Leaders must be committed to recognising and strengthening democratic institutions, upholding non-interference in the judiciary and, crucially, maintaining non-interference across the administrative structures of government. What must be encouraged is a firm meritocracy, whereby able and deserving public servants are employed and promoted. We need a culture of excellence.

Leaders must undermine welfare dependance by attaching social support to criteria and incentive schemes that are economically progressive and constructive.

On a social and community level, family reconstruction will be required to rebuild the primary unit of social stability and inculturation. This will ensure the robustness of the social fabric for future generations.

The scenario we will create if we get this right is one of a spiral of hope to a thriving South Africa:

In conclusion, South Africa’s leadership challenge this decade will be one of bridge building, seeking constructive partnerships and cooperation between parties, while achieving mobility through the adoption of schools, businesses and children and sustaining their development. Yes, I said adoption. It’s something you do with your heart and then your wallet. Such leaders will need to develop creative integrated projects that meet the complex needs of South Africans in innovative and efficient ways, leveraging local talent, resources and ingenuity. This will involve incentivising innovation through centres of excellence where needed and, as stated above, facilitated participation of the formerly excluded.

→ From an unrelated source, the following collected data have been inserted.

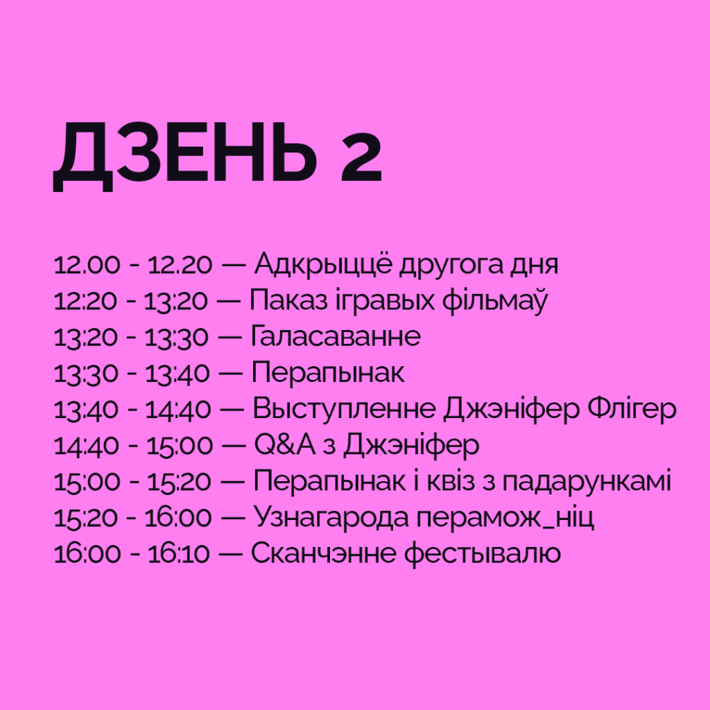 13:40 — 14:40 — Выступленне Джэніфер Флігер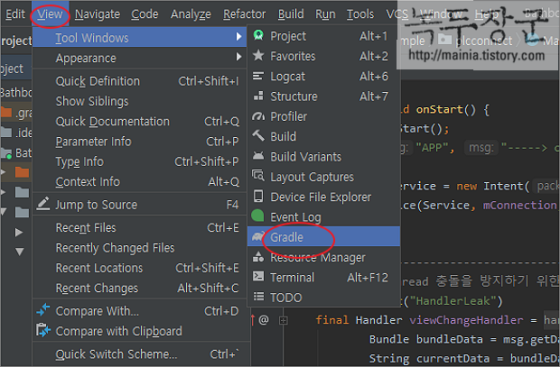 ▼ 옵션을 변경하기 위해서 Gradle 빌드 창을 띄우겠습니다. 상단 메뉴 View > Tool Windows > Gradle 메뉴를 선택합니다.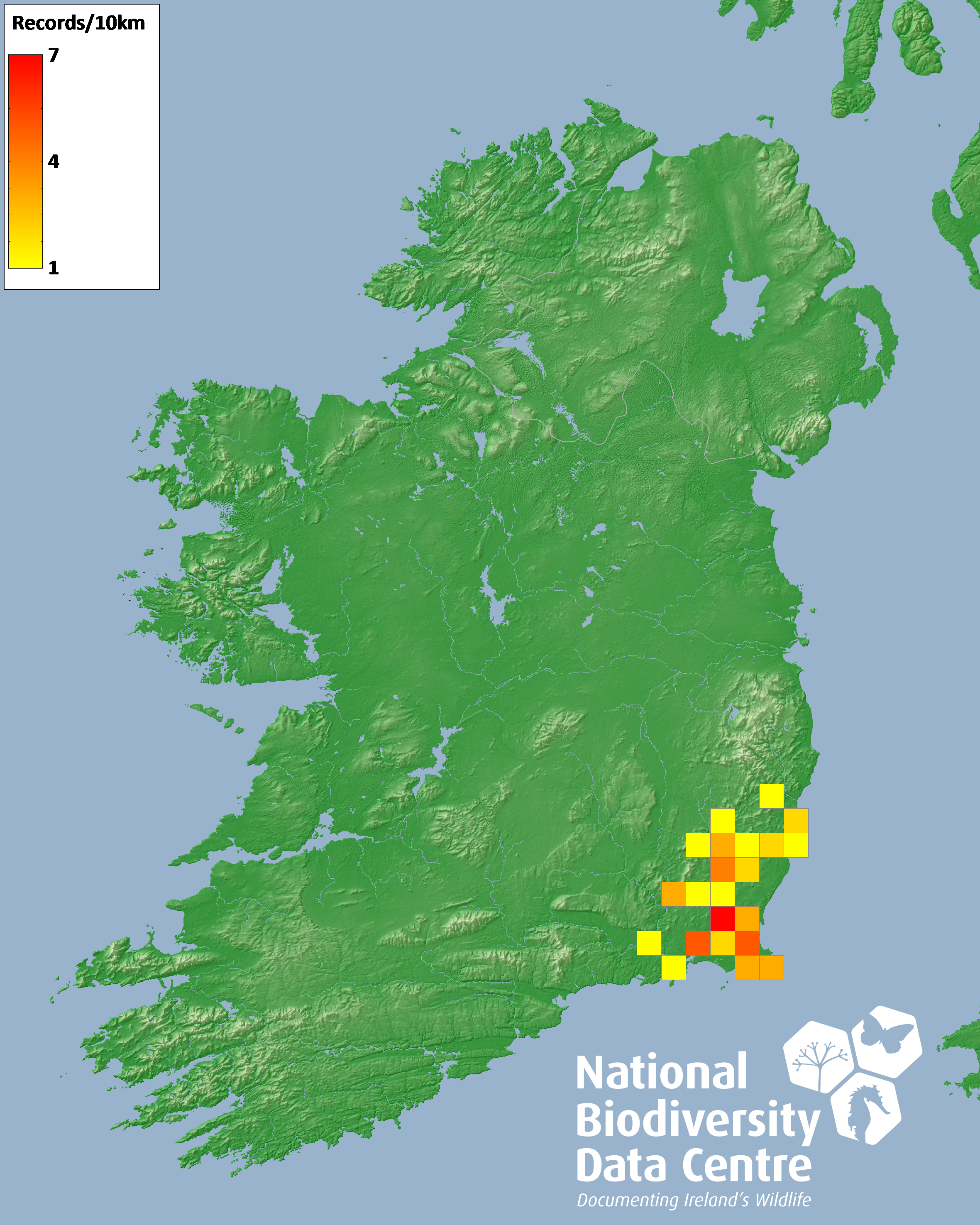 Distribution of the number of records recorded within each 10km grid square (ITM).Marine Map - 50km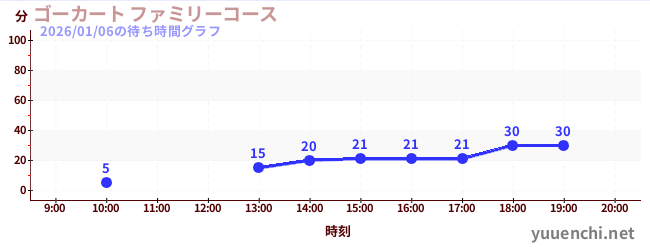 2026/01/06の待ち時間グラフ (ゴーカート ファミリーコース)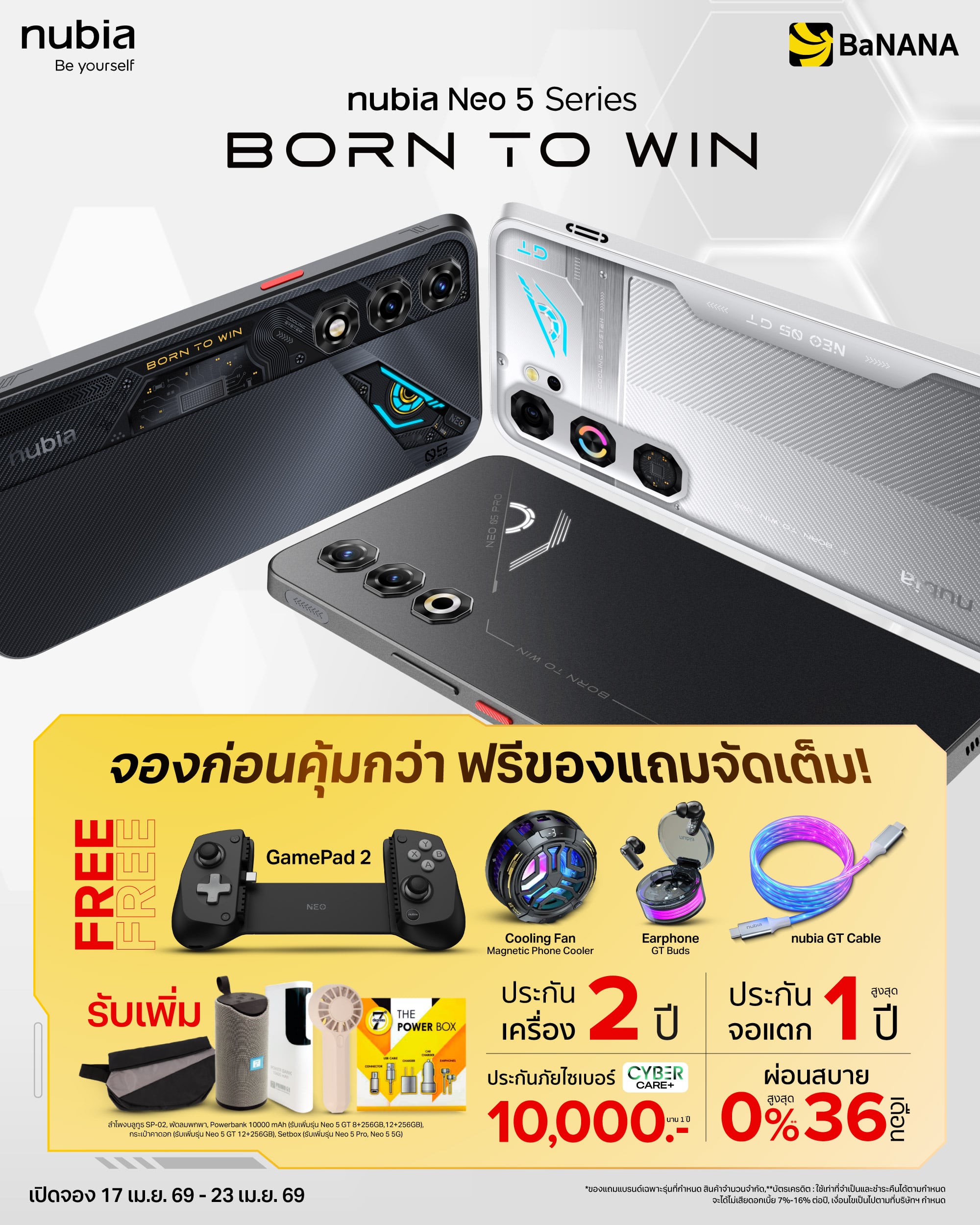 - Nubia Neo5 GT รับ ลำโพงบลูทูธ SP-02,พัดลมพกพา, Powerbank 10000 mAh, กระเป๋าคาดอก (รับเพิ่มรุ่นความจุ 12+256GB)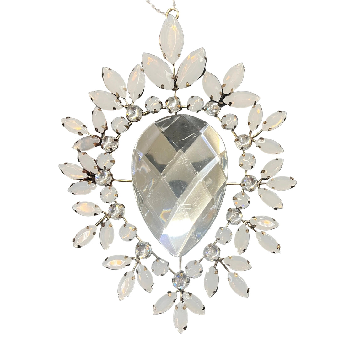 Glass Jewel Iridescent Snowflake Ball Ornament 4"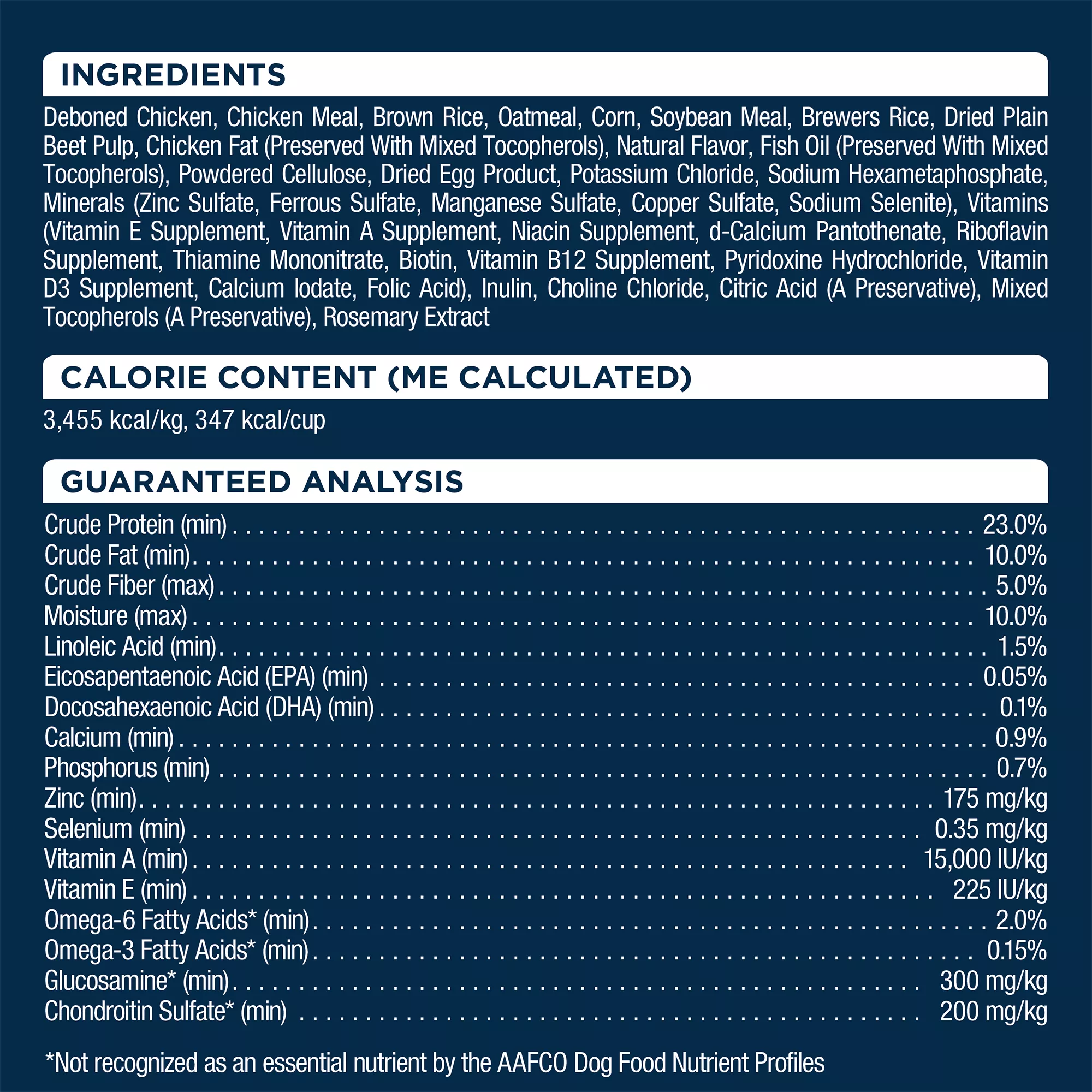 Ideal for senior care with nutrients to help support theenergy needs of mature dogs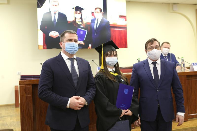 On 29 January, master’s students of the programme “Health Care Accounting, Control, and Analysis” were awarded with their diplomas in the conference hall of the main building of Voronezh State University. VSU Rector, Dmitry Endovitsky, the Head of Voronezh Health Department, Alexander Schukin, and the Deputy Head of the Department of Health of the Voronezh Region, Andrey Churikov, congratulated the graduates.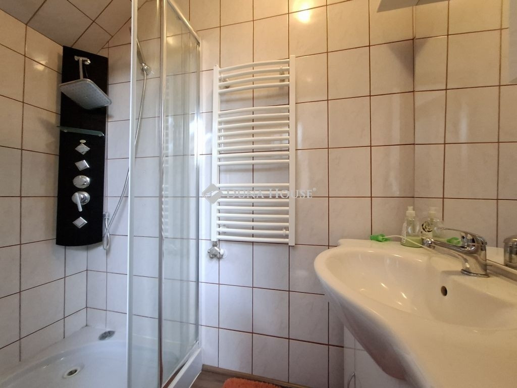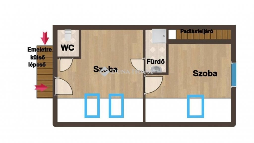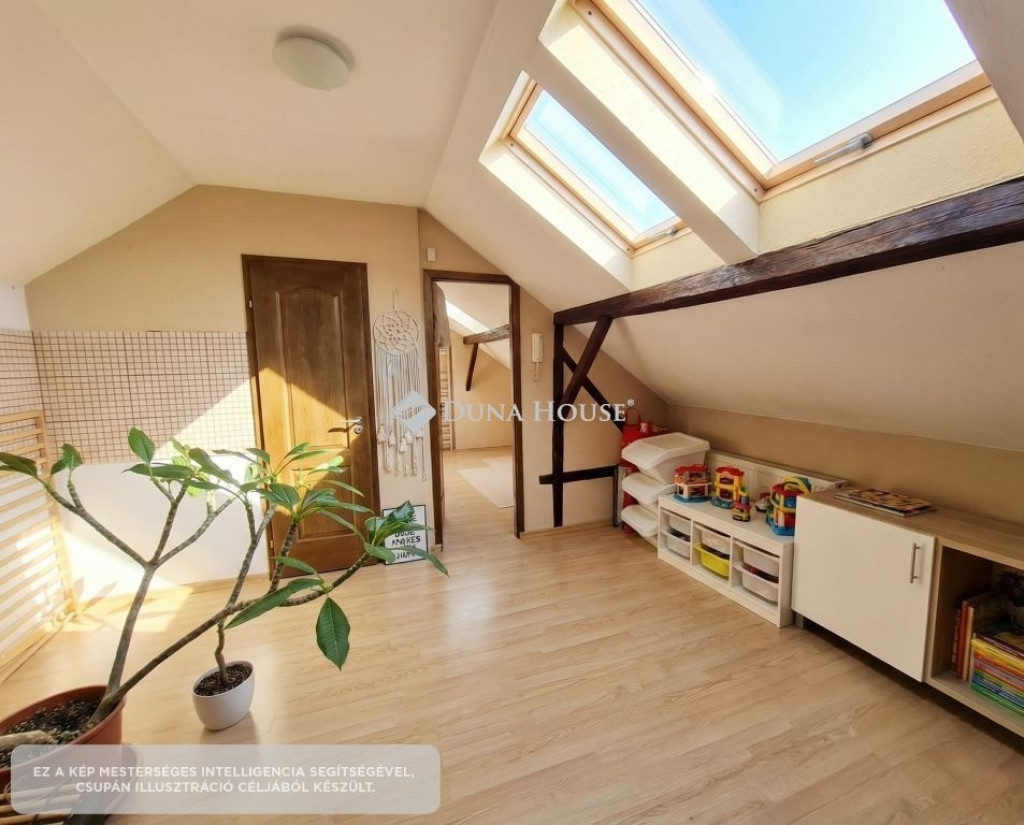 valamint egy külső lépcsőn megközelíthető, tetőtéri, önálló lakás (kb. 32 m²) található.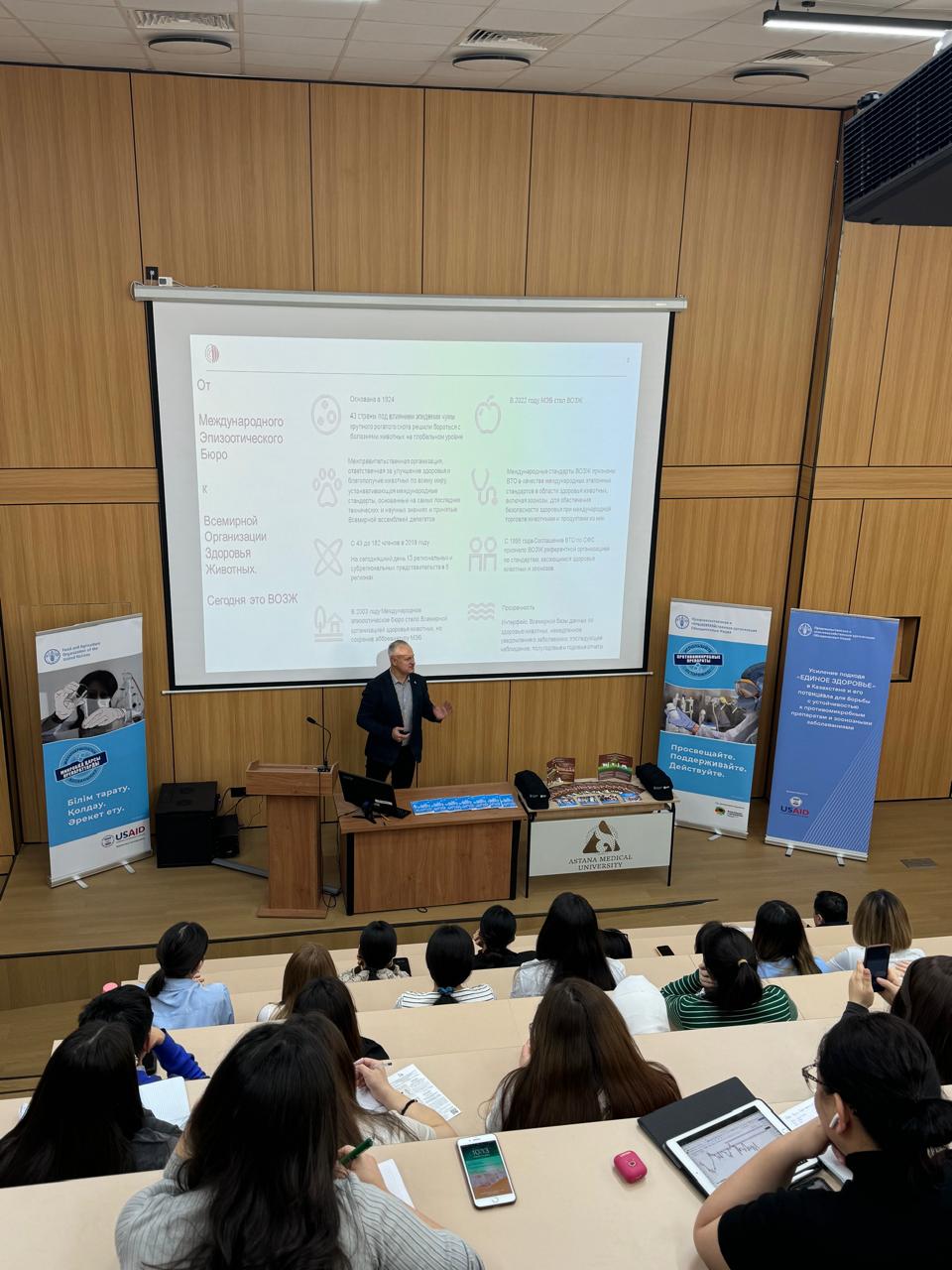 Key initiatives included visits to Astana Medical University and the Kazakh Agrotechnical Research University named after S. Seifullin, where lectures were delivered to students and faculty members. These sessions were accompanied by an engaging quiz, with small prizes awarded to participants who correctly answered the speakers’ questions.

It is the work of leadership to provide the psychological, social and practical tools to unify and move South Africans as one. To unite citizens from diverse backgrounds and contexts, towards worthwhile and beneficial goals. To foster and agitate for the achievement of a shared vision of productivity, inclusiveness and well being for all. Take responsibility, it is the cornerstone of leadership. I see this kind of leadership all the time. I see it in the Gogo who raises three generations of children on limited resources without a care for herself. If only we can live op to the high standard of leadership set by the mothers that have held our communities together through the valleys of death gone by, we could fix South Africa.